8. The method of claim 7, wherein TFIDF is calculated for question and chapter paragraphs as follows:

tfidf(i，j)＝tf(i，j)×idf(i)

where tf (i, j) represents the word frequency of word i in document j, where n_i，jRepresenting the number of occurrences of word i in document j, ∑_kn_i,jThe total number of words in document j, idf (i) is the total number of files D divided by the number of files containing the word i, t_iIs the word i; d_jIs a file j containing the word; and taking the logarithm of the obtained quotient to obtain the product.

9. The method for finding key sentences according to claim 1, wherein TFIDF calculation is performed on the question and the chapter paragraphs while inputting the mined question and chapter paragraphs into the neural network for training to obtain the most suitable sentence as the key sentence for question classification, and then further comprising:

correcting the predicted result to obtain a correct result;

and storing the corrected result, training the model by using the corrected data, and updating the algorithm model.

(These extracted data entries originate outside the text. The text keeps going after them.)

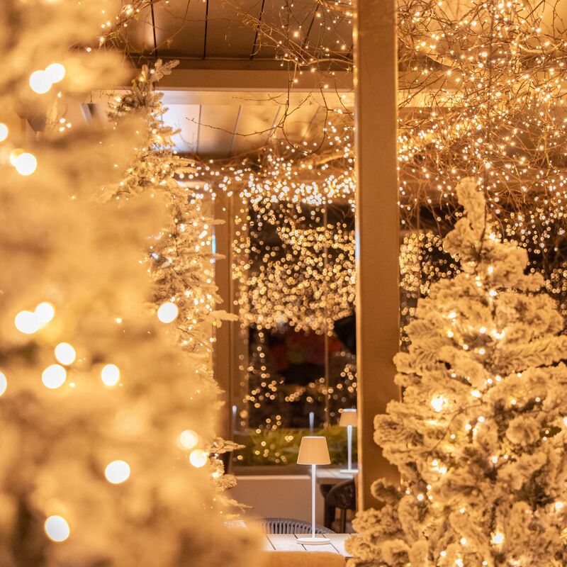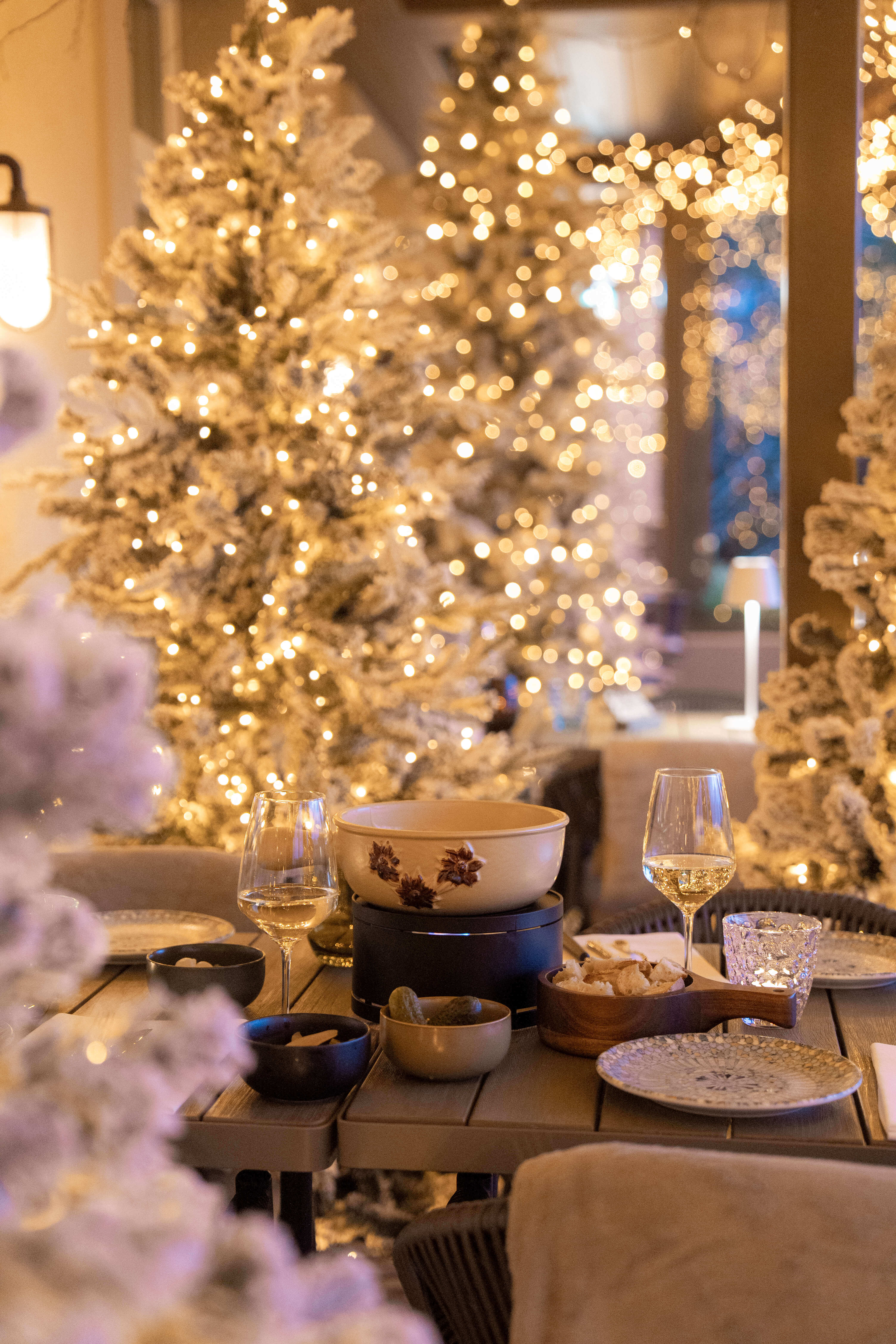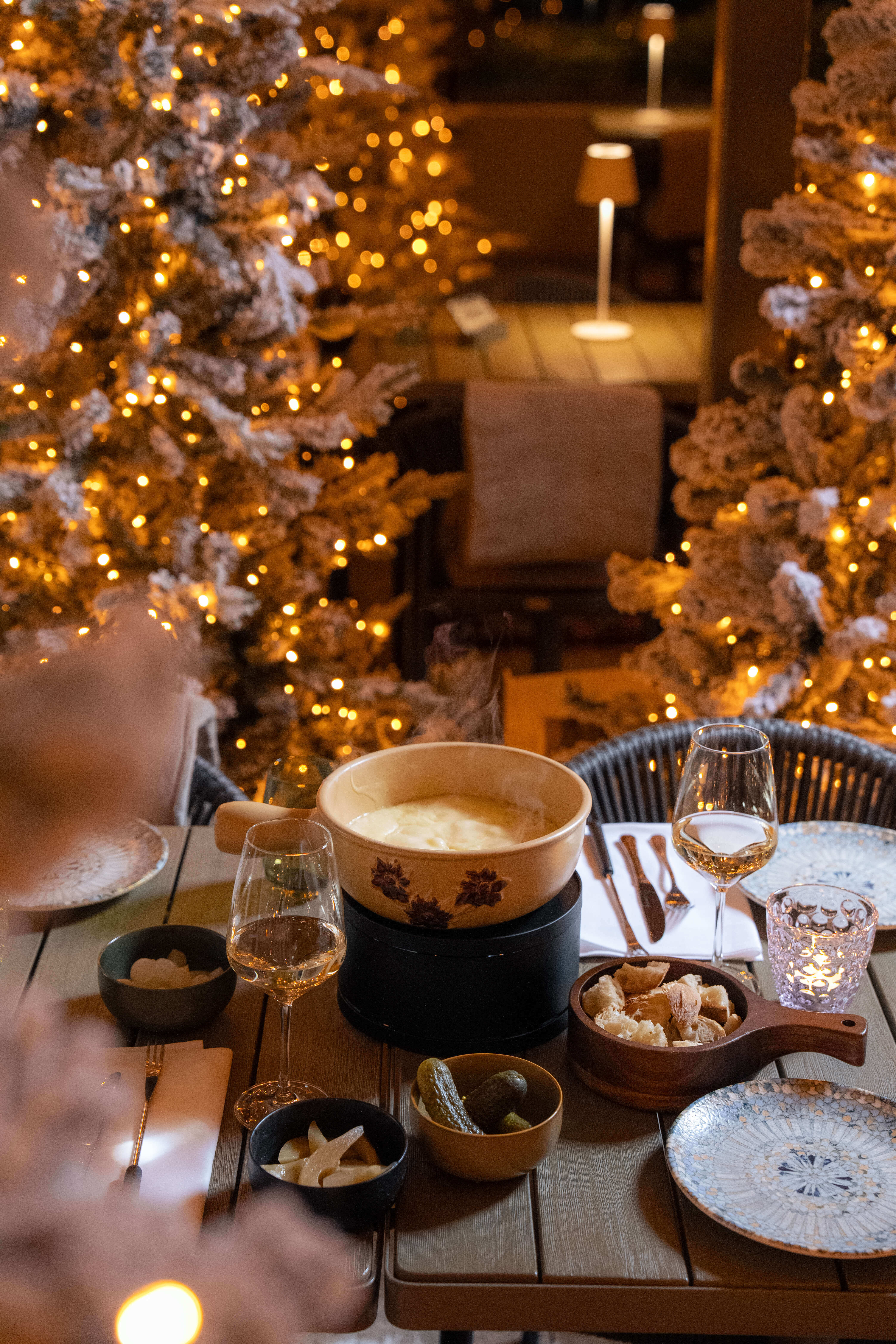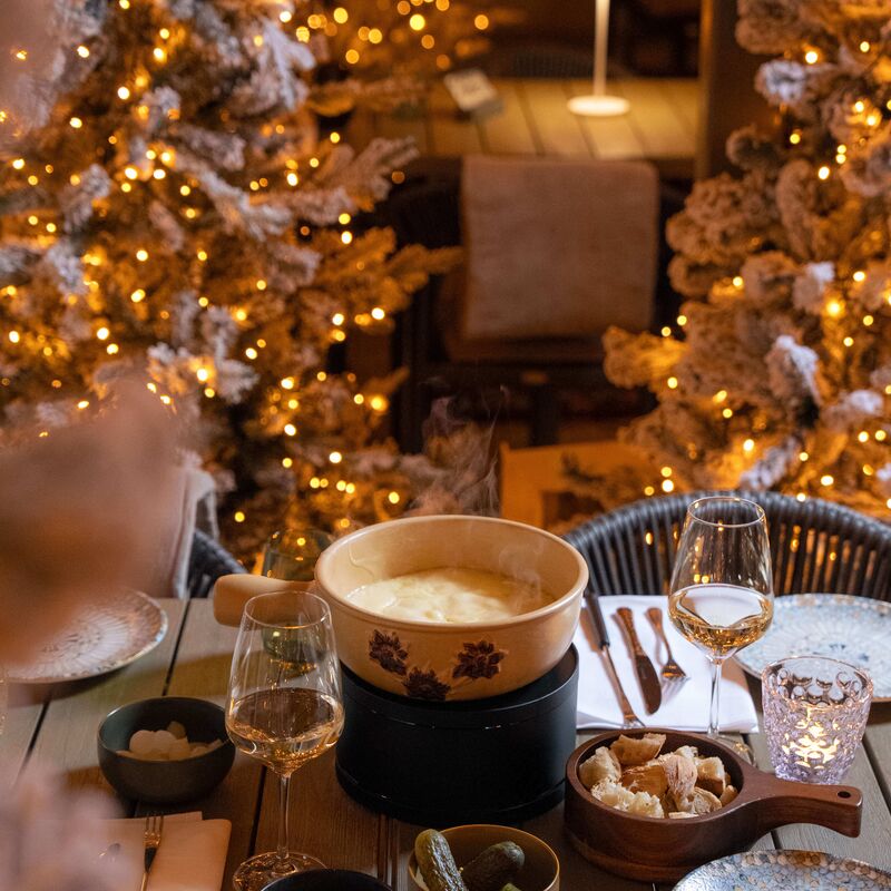 Jetzt ist es auf unserer gedeckten Terrasse besonders kuschelig. Geniessen Sie ein hervorragendes Käsefondue inmitten von Tannenbäumen und Lichterketten, mit Blick auf die Reuss,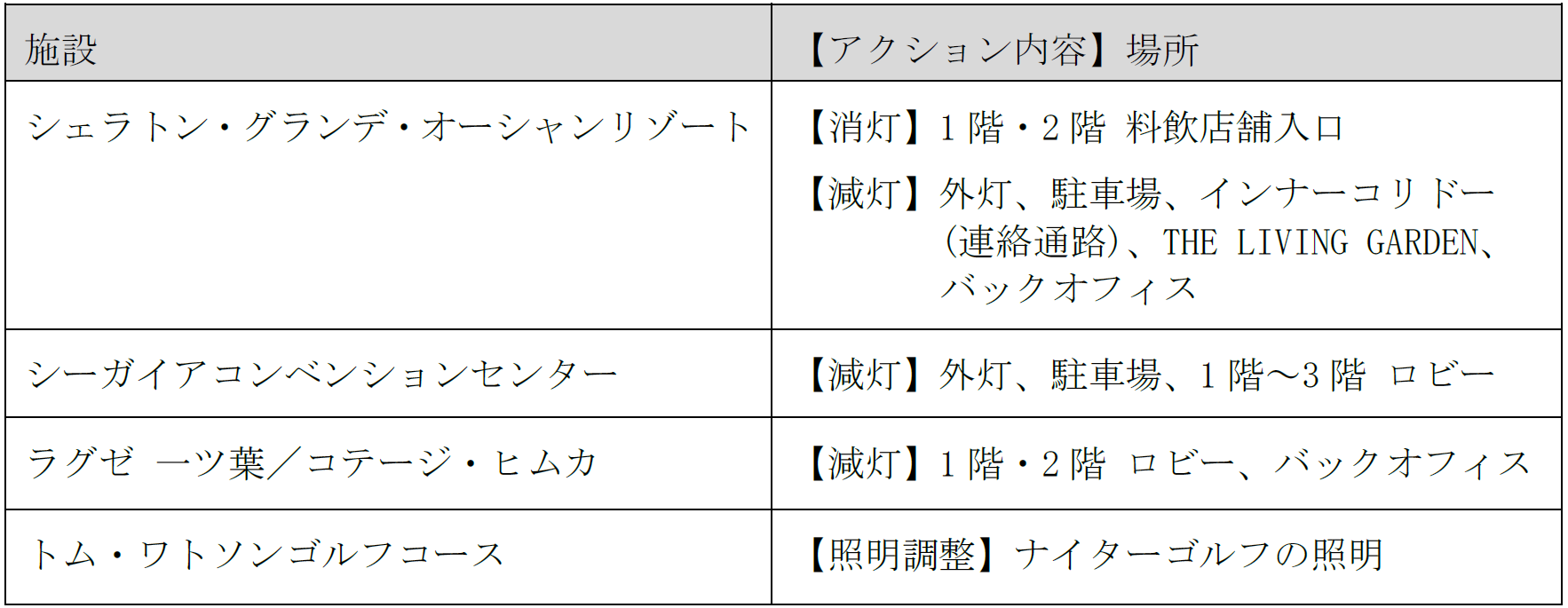リゾート内の各所で3月23日20:30に消灯・減灯を実施
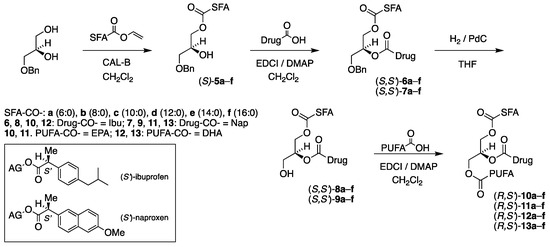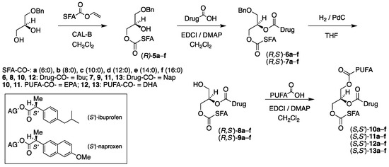 Chemoenzymatic synthesis of the first category TAG prodrug diastereomer series (S,S′)-10a–f–13a–f, starting from 1-O-benzyl-sn-glycerol. In the scheme, SFA-CO-, PUFA-CO- and Drug-CO- refer to the corresponding saturated fatty acyl, polyunsaturated fatty acyl and drug acyl group substituents, respectively. In box: (S′)-ibuprofen and (S′)-naproxen attached as esters to acylglycerols (AG).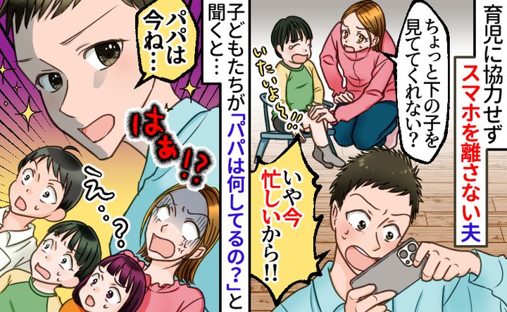 子どもが7歳、5歳、3歳のとき。子育てに奮闘する私は、朝から晩までゆっくりする暇がありませんでした。そんな中、家事や育児を手伝うこともなくスマホに夢中の夫。夜ごはんの支度をするので「下の子の相手をしてくれる?」とお願いしたところ……。

10. A system for searching key sentences whether to be similar to problems in reading and understanding tasks is characterized by comprising the following steps:

the data preparation module is used for selecting the existing reading comprehension question and answer data, preprocessing the question and answer data to obtain a data set, and then dividing the data set into a training set, a verification set and a test set;

the word and sentence coding module is used for mining semantic information of the sentences in the question sentences and the chapter paragraphs in the training set and the test set based on the constructed coding layer network to obtain word embedded representation of each word in the sentences;

the key sentence matching module is used for calculating the question sentences and chapter paragraphs mined by the coding layer network by utilizing a neural network model and a TFIDF (trivial text field function) to obtain key sentences of which the question types are not similar;

and the key sentence determining module is used for inputting the question and answer data to be read into the trained algorithm model and predicting the key sentences which are similar to the questions in the question and answer data to be read.